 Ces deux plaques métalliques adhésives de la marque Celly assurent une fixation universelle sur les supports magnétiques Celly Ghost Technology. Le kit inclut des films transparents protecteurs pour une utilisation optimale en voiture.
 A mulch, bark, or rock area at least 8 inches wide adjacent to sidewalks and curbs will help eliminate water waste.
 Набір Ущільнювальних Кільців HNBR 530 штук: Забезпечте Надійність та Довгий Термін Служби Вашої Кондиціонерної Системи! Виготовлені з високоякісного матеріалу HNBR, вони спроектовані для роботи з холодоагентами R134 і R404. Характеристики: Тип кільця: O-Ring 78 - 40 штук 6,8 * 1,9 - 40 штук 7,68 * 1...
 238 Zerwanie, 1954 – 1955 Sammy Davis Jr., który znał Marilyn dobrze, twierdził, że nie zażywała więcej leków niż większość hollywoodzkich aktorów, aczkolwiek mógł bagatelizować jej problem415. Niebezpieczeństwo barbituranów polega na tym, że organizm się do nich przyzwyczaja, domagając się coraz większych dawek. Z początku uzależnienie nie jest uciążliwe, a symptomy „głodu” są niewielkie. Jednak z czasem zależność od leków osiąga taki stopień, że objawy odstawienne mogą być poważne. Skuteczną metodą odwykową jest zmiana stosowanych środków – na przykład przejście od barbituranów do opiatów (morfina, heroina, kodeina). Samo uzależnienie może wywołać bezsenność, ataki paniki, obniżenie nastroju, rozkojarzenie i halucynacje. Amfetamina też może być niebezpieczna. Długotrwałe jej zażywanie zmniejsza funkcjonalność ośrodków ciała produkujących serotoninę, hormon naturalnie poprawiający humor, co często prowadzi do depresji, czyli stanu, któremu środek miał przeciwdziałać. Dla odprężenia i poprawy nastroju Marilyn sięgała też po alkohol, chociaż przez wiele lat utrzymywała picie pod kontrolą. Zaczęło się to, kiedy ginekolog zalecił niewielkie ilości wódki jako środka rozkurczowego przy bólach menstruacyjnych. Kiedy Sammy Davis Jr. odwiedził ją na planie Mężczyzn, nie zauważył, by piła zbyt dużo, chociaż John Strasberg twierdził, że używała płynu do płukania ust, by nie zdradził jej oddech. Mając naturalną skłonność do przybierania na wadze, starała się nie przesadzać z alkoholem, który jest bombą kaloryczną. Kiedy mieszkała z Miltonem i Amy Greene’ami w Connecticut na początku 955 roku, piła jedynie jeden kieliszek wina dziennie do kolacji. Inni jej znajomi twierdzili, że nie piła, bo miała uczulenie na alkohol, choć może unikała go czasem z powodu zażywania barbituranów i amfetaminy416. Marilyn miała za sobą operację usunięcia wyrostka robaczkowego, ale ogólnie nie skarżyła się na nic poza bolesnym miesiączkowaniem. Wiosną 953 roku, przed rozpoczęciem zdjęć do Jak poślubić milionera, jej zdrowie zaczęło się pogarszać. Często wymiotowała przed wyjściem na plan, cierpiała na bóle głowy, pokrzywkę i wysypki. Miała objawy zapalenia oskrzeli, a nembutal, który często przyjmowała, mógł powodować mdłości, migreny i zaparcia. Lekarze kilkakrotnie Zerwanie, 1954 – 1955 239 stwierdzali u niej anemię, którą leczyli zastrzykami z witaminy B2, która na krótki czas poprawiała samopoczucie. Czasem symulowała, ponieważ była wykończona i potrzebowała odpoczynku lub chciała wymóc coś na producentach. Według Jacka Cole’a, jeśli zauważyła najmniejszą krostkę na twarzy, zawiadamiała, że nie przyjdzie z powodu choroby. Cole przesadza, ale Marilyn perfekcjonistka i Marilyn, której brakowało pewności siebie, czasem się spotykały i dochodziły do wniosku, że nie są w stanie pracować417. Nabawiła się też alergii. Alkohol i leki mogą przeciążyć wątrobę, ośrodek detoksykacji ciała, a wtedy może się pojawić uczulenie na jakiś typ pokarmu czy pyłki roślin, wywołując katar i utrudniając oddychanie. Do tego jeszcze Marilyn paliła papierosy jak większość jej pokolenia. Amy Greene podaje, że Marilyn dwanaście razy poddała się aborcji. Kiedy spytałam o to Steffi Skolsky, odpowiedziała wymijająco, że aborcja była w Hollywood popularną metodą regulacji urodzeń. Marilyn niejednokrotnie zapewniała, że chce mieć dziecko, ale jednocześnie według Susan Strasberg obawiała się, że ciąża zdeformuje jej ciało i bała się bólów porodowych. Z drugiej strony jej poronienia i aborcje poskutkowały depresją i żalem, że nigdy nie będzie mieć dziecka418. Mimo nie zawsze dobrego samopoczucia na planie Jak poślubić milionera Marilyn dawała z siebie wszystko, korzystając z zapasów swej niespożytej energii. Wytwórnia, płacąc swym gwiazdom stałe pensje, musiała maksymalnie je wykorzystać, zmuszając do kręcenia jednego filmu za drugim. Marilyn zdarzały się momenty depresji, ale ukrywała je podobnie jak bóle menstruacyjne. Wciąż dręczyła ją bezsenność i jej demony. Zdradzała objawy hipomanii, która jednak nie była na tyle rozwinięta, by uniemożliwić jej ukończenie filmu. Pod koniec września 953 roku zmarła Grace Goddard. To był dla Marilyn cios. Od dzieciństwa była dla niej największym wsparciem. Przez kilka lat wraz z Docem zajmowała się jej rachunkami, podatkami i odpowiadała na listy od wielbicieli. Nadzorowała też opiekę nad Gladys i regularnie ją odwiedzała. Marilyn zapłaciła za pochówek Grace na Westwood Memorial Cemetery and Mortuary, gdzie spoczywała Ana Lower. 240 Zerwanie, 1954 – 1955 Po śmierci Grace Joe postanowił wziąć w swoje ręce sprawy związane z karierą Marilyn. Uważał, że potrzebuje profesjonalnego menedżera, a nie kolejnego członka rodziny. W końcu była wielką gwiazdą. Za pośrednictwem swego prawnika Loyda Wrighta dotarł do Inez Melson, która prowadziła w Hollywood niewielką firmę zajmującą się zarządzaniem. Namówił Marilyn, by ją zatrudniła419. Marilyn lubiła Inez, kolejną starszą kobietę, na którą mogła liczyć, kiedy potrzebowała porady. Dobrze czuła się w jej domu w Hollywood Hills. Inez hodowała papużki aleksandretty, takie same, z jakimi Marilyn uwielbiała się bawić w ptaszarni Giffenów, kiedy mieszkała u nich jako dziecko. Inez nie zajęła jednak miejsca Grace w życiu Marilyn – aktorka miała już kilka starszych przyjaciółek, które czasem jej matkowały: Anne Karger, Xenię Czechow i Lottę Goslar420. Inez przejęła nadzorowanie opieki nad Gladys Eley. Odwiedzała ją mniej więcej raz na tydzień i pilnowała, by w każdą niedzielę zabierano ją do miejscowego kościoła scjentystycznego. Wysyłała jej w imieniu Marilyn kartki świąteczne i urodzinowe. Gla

Exercise. Would you please copy out every line of the data exactly?

Answer to this task.
 Ces deux plaques métalliques adhésives de la marque Celly assurent une fixation universelle sur les supports magnétiques Celly Ghost Technology. Le kit inclut des films transparents protecteurs pour une utilisation optimale en voiture.
 A mulch, bark, or rock area at least 8 inches wide adjacent to sidewalks and curbs will help eliminate water waste.
 Набір Ущільнювальних Кільців HNBR 530 штук: Забезпечте Надійність та Довгий Термін Служби Вашої Кондиціонерної Системи! Виготовлені з високоякісного матеріалу HNBR, вони спроектовані для роботи з холодоагентами R134 і R404. Характеристики: Тип кільця: O-Ring 78 - 40 штук 6,8 * 1,9 - 40 штук 7,68 * 1...
 238 Zerwanie, 1954 – 1955 Sammy Davis Jr., który znał Marilyn dobrze, twierdził, że nie zażywała więcej leków niż większość hollywoodzkich aktorów, aczkolwiek mógł bagatelizować jej problem415. Niebezpieczeństwo barbituranów polega na tym, że organizm się do nich przyzwyczaja, domagając się coraz większych dawek. Z początku uzależnienie nie jest uciążliwe, a symptomy „głodu” są niewielkie. Jednak z czasem zależność od leków osiąga taki stopień, że objawy odstawienne mogą być poważne. Skuteczną metodą odwykową jest zmiana stosowanych środków – na przykład przejście od barbituranów do opiatów (morfina, heroina, kodeina). Samo uzależnienie może wywołać bezsenność, ataki paniki, obniżenie nastroju, rozkojarzenie i halucynacje. Amfetamina też może być niebezpieczna. Długotrwałe jej zażywanie zmniejsza funkcjonalność ośrodków ciała produkujących serotoninę, hormon naturalnie poprawiający humor, co często prowadzi do depresji, czyli stanu, któremu środek miał przeciwdziałać. Dla odprężenia i poprawy nastroju Marilyn sięgała też po alkohol, chociaż przez wiele lat utrzymywała picie pod kontrolą. Zaczęło się to, kiedy ginekolog zalecił niewielkie ilości wódki jako środka rozkurczowego przy bólach menstruacyjnych. Kiedy Sammy Davis Jr. odwiedził ją na planie Mężczyzn, nie zauważył, by piła zbyt dużo, chociaż John Strasberg twierdził, że używała płynu do płukania ust, by nie zdradził jej oddech. Mając naturalną skłonność do przybierania na wadze, starała się nie przesadzać z alkoholem, który jest bombą kaloryczną. Kiedy mieszkała z Miltonem i Amy Greene’ami w Connecticut na początku 955 roku, piła jedynie jeden kieliszek wina dziennie do kolacji. Inni jej znajomi twierdzili, że nie piła, bo miała uczulenie na alkohol, choć może unikała go czasem z powodu zażywania barbituranów i amfetaminy416. Marilyn miała za sobą operację usunięcia wyrostka robaczkowego, ale ogólnie nie skarżyła się na nic poza bolesnym miesiączkowaniem. Wiosną 953 roku, przed rozpoczęciem zdjęć do Jak poślubić milionera, jej zdrowie zaczęło się pogarszać. Często wymiotowała przed wyjściem na plan, cierpiała na bóle głowy, pokrzywkę i wysypki. Miała objawy zapalenia oskrzeli, a nembutal, który często przyjmowała, mógł powodować mdłości, migreny i zaparcia. Lekarze kilkakrotnie Zerwanie, 1954 – 1955 239 stwierdzali u niej anemię, którą leczyli zastrzykami z witaminy B2, która na krótki czas poprawiała samopoczucie. Czasem symulowała, ponieważ była wykończona i potrzebowała odpoczynku lub chciała wymóc coś na producentach. Według Jacka Cole’a, jeśli zauważyła najmniejszą krostkę na twarzy, zawiadamiała, że nie przyjdzie z powodu choroby. Cole przesadza, ale Marilyn perfekcjonistka i Marilyn, której brakowało pewności siebie, czasem się spotykały i dochodziły do wniosku, że nie są w stanie pracować417. Nabawiła się też alergii. Alkohol i leki mogą przeciążyć wątrobę, ośrodek detoksykacji ciała, a wtedy może się pojawić uczulenie na jakiś typ pokarmu czy pyłki roślin, wywołując katar i utrudniając oddychanie. Do tego jeszcze Marilyn paliła papierosy jak większość jej pokolenia. Amy Greene podaje, że Marilyn dwanaście razy poddała się aborcji. Kiedy spytałam o to Steffi Skolsky, odpowiedziała wymijająco, że aborcja była w Hollywood popularną metodą regulacji urodzeń. Marilyn niejednokrotnie zapewniała, że chce mieć dziecko, ale jednocześnie według Susan Strasberg obawiała się, że ciąża zdeformuje jej ciało i bała się bólów porodowych. Z drugiej strony jej poronienia i aborcje poskutkowały depresją i żalem, że nigdy nie będzie mieć dziecka418. Mimo nie zawsze dobrego samopoczucia na planie Jak poślubić milionera Marilyn dawała z siebie wszystko, korzystając z zapasów swej niespożytej energii. Wytwórnia, płacąc swym gwiazdom stałe pensje, musiała maksymalnie je wykorzystać, zmuszając do kręcenia jednego filmu za drugim. Marilyn zdarzały się momenty depresji, ale ukrywała je podobnie jak bóle menstruacyjne. Wciąż dręczyła ją bezsenność i jej demony. Zdradzała objawy hipomanii, która jednak nie była na tyle rozwinięta, by uniemożliwić jej ukończenie filmu. Pod koniec września 953 roku zmarła Grace Goddard. To był dla Marilyn cios. Od dzieciństwa była dla niej największym wsparciem. Przez kilka lat wraz z Docem zajmowała się jej rachunkami, podatkami i odpowiadała na listy od wielbicieli. Nadzorowała też opiekę nad Gladys i regularnie ją odwiedzała. Marilyn zapłaciła za pochówek Grace na Westwood Memorial Cemetery and Mortuary, gdzie spoczywała Ana Lower. 240 Zerwanie, 1954 – 1955 Po śmierci Grace Joe postanowił wziąć w swoje ręce sprawy związane z karierą Marilyn. Uważał, że potrzebuje profesjonalnego menedżera, a nie kolejnego członka rodziny. W końcu była wielką gwiazdą. Za pośrednictwem swego prawnika Loyda Wrighta dotarł do Inez Melson, która prowadziła w Hollywood niewielką firmę zajmującą się zarządzaniem. Namówił Marilyn, by ją zatrudniła419. Marilyn lubiła Inez, kolejną starszą kobietę, na którą mogła liczyć, kiedy potrzebowała porady. Dobrze czuła się w jej domu w Hollywood Hills. Inez hodowała papużki aleksandretty, takie same, z jakimi Marilyn uwielbiała się bawić w ptaszarni Giffenów, kiedy mieszkała u nich jako dziecko. Inez nie zajęła jednak miejsca Grace w życiu Marilyn – aktorka miała już kilka starszych przyjaciółek, które czasem jej matkowały: Anne Karger, Xenię Czechow i Lottę Goslar420. Inez przejęła nadzorowanie opieki nad Gladys Eley. Odwiedzała ją mniej więcej raz na tydzień i pilnowała, by w każdą niedzielę zabierano ją do miejscowego kościoła scjentystycznego. Wysyłała jej w imieniu Marilyn kartki świąteczne i urodzinowe. Gla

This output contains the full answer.